(Records from a collection)
######

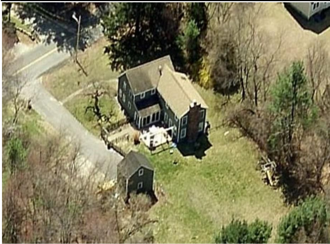
Aerial view from north.

220 MORRISSEY BOULEVARD, BOSTON, MASSACHUSETTS 02125
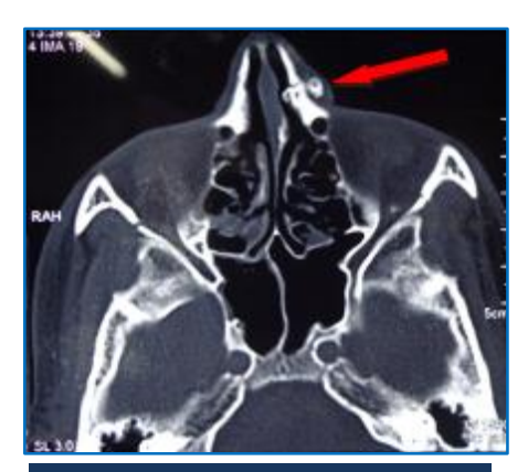
Fig. 3: Axial view of CT scan showing the radiopacity
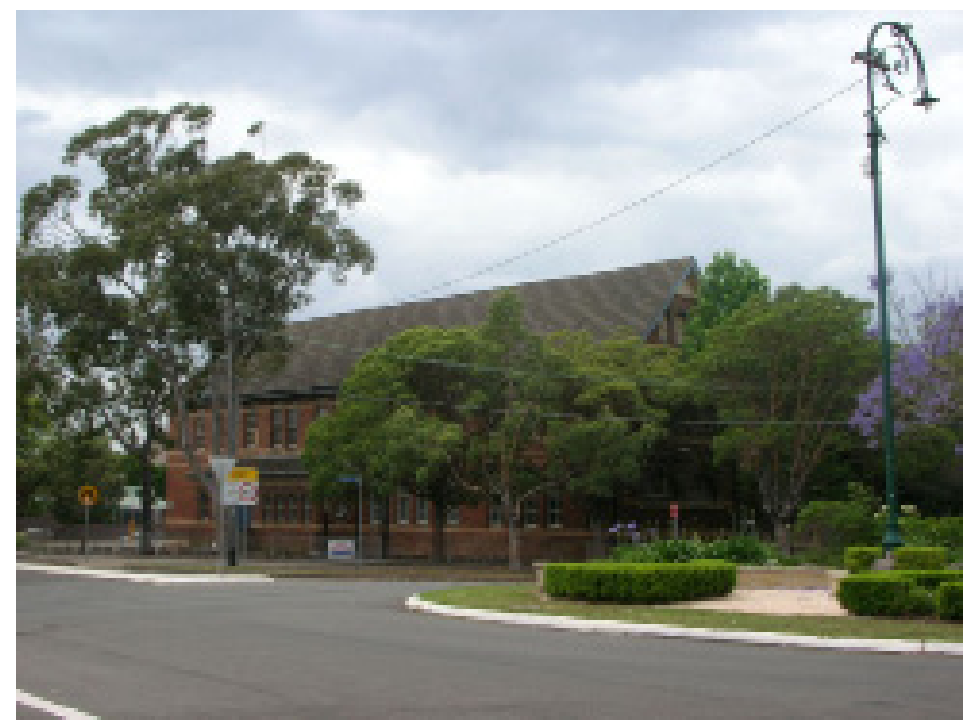
Drummoyne Public School with Bourketown Square, 2005

Land for Drummoyne Public School was acquired in 1886. The original, temporary wooden building, was replaced in November 1897 by a brick building to house 170 students. Additions to accommodated girls were completed in 1900. The first school assembly hall in NSW was built here in 1911, although the building has been altered. A second storey addition was made in 1915. The school grounds retain a number of mature trees believed to date from the 1920s, including Canary Island Palms, Cypress Pine, Hoop Pine and ornamental olive trees.

######

## Prompt
The lines to return are those in the entries above that include "view".

## Response to the exercise
Aerial view from north.
Fig. 3: Axial view of CT scan showing the radiopacity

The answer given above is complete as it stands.